(Activity) Write back, word for word, the lines from the one containing "CERTIFICATES l WISE" to the end of the listing below. Include nothing else, and no pictures.
Information supplied START
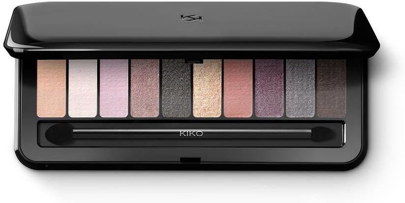 Paleta 10 cieni do powiek w eleganckich i wyrafinowanych odcieniach. Idealna do: podkreślania spojrzenia za pomocą nieskończonej liczby kombinacji nude lub smokey. Dlaczego jest wyjątkowa: – jedwabiste i superkomfortowe cienie do powiek cechują się średnio dużym kryciem oraz gładką i ultrapigmentowaną teksturą; – dzięki nieodpartej mieszance kolorów i wykończeń, od matowych po perłowe i metaliczne, pozwala uzyskać różnorodne odsłony eleganckiego i wyrafinowanego makijażu; – praktyczny podwójny aplikator i wbudowane lusterko sprawiają, że doskonale nadaje się do użycia również poza domem. Produkt testowany oftalmologicznie Rezultaty: Oko jest na pierwszym planie dzięki odcieniom nude z różnymi wykończeniami do wyboru, z którymi można eksperymentować, uzyskując coraz to nowy wygląd oczu. Sposób użycia: 1. Aby zmaksymalizować wydajność cieni, zacznij od nałożenia neutralnej bazy do powiek, takiej jak Neutral Eye Base od KIKO MILANO. 2. Nałóż cień na powieki pędzelkiem Eyes 51 i rozetrzyj delikatnie pędzelkiem Eyes 56. TALC, MICA, SYNTHETIC FLUORPHLOGOPITE, TRIETHYLHEXANOIN, ZEA MAYS STARCH (ZEA MAYS (CORN) STARCH), SILICA, TAPIOCA STARCH, C20-24 ALKYL DIMETHICONE, POLYGLYCERYL-2 TRIISOSTEARATE, ZINC STEARATE, MAGNESIUM MYRISTATE, PHENYL TRIMETHICONE, ETHYLHEXYLGLYCERIN, ISODODECANE, DEHYDROACETIC ACID, CALCIUM SODIUM BOROSILICATE, AQUA (WATER/EAU), POLYMETHYLSILSESQUIOXANE, MALTODEXTRIN, TIN OXIDE, STEARIC ACID, PALMITIC ACID, LAURIC ACID, CALCIUM ALUMINUM BOROSILICATE. +/- (MAY CONTAIN): CI 77891 (TITANIUM DIOXIDE), CI 77000 (ALUMINUM POWDER), CI 77499 - CI 77491 - CI 77492 (IRON OXIDES), CI 77742 (MANGANESE VIOLET), CI 77007 (ULTRAMARINES), CI 75470 (CARMINE), CI 42090 (BLUE 1), CI 77510 (FERRIC FERROCYANIDE).
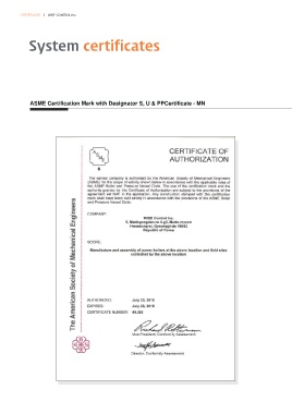 CERTIFICATES l WISE CONTROL.Inc. System certificates ASME Certification Mark with Designator S, U & PPCertificate - MN
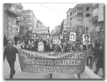 Gazi Eski Karakol’un önünde saat 10.00’da toplanmaya başlayan kitle saat 11.00’de sloganlarla yürüyüşe geçti. En önde ortak “Yaşasın devrimci dayanışma!/Gazi 12 Mart Platformu (Alınteri, BDSP, DHP, DTP, ESP, Mücadele Birliği, Partizan)” pankartını taşıyan 60 kişilik bir kitlenin arkasından sırayla; ESP “Adalet.. Adalet.. Adalet... Katiller yargılansın!”, DHP “Gazi, Sivas Çorum, Maraş son değil devlet katliamı sürüyor!”, Özgür Demokratik Alevi Hareketi “Gazi ve Ümraniye katliamlarını unutmadık, unutturmayacağız!”, DTP “Gazi, Maraş, Halepçe ve İran’daki katliamları kınıyoruz!”, Mücadele Birliği Platformu “Yaşasın Gazi ayaklanması!”, Partizan “Gazi’nin, Çorum’un, Sivas’ın, Maraş’ın katili patron-ağa devletidir!”, Alınteri “Taş, yürek, barikat, yaşasın Gazi direnişimiz!”, DİP, TÖP, KÖZ, PDD, Kaldıraç ve Halkevleri de pankart ve flamalar taşıyarak, sloganlarla yürüdüler.
Information supplied END
(Result)
 CERTIFICATES l WISE CONTROL.Inc. System certificates ASME Certification Mark with Designator S, U & PPCertificate - MN
 Gazi Eski Karakol’un önünde saat 10.00’da toplanmaya başlayan kitle saat 11.00’de sloganlarla yürüyüşe geçti. En önde ortak “Yaşasın devrimci dayanışma!/Gazi 12 Mart Platformu (Alınteri, BDSP, DHP, DTP, ESP, Mücadele Birliği, Partizan)” pankartını taşıyan 60 kişilik bir kitlenin arkasından sırayla; ESP “Adalet.. Adalet.. Adalet... Katiller yargılansın!”, DHP “Gazi, Sivas Çorum, Maraş son değil devlet katliamı sürüyor!”, Özgür Demokratik Alevi Hareketi “Gazi ve Ümraniye katliamlarını unutmadık, unutturmayacağız!”, DTP “Gazi, Maraş, Halepçe ve İran’daki katliamları kınıyoruz!”, Mücadele Birliği Platformu “Yaşasın Gazi ayaklanması!”, Partizan “Gazi’nin, Çorum’un, Sivas’ın, Maraş’ın katili patron-ağa devletidir!”, Alınteri “Taş, yürek, barikat, yaşasın Gazi direnişimiz!”, DİP, TÖP, KÖZ, PDD, Kaldıraç ve Halkevleri de pankart ve flamalar taşıyarak, sloganlarla yürüdüler.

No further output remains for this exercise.